The school was built in the 1960s as a secondary modern at a time when Hertfordshire still retained a selective education system. It was intended to cater for 400 pupils but soon turned into a comprehensive. It still has to battle against neighbouring schools, which retain a partial element of selection for pupils.

"It should have been put in special measures but wasn't," says Mr Lewis. "It was a nail in the coffin because it was always struggling in terms of parental confidence. When you've got a school where nobody wants to come, you pick up children who don't want to be here – the children who can't get into other schools."

That is all behind Kings Langley now and it is flourishing under Mr Lewis's headship, with growing numbers of parents sending their children to it.
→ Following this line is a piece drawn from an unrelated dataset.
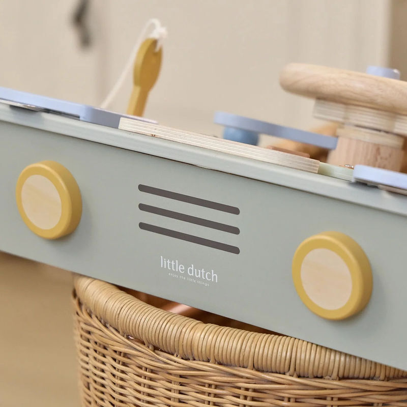 A Little Dutch fa montessori kormánykerék izgalmas szerepjátékra hívja a kicsiket, ahol saját kalandjaikat irányíthatják. A forgatható kormány, a gombok és a vidám hangok aktív felfedezésre ösztönöznek, miközben fejlesztik a képzelőerőt és a finommotoros készségeket. A mellékelt kártyákkal minden játék új útvonalat és új történetet kínál, így hosszú ideig leköti a kíváncsi kis felfedezőket.

It is "good with outstanding features" – but the buildings are not one of them. What has happened at Kings Langley is an excellent example of the two sectors coming together to campaign for a common end.

There is a third element in the equation, though, before that partnership can have any success: the Department for Education.

Meatloaf once had a hit record with a song called "Two Out Of Three Ain't Bad". It was not, of course, referring to the co-operation of partners in the education service. The lyrics "I want you, I need you but I ain't never going to love you" give that away immediately.

However, in the context of Kings Langley school, two out of three partners acting in harmony is not enough.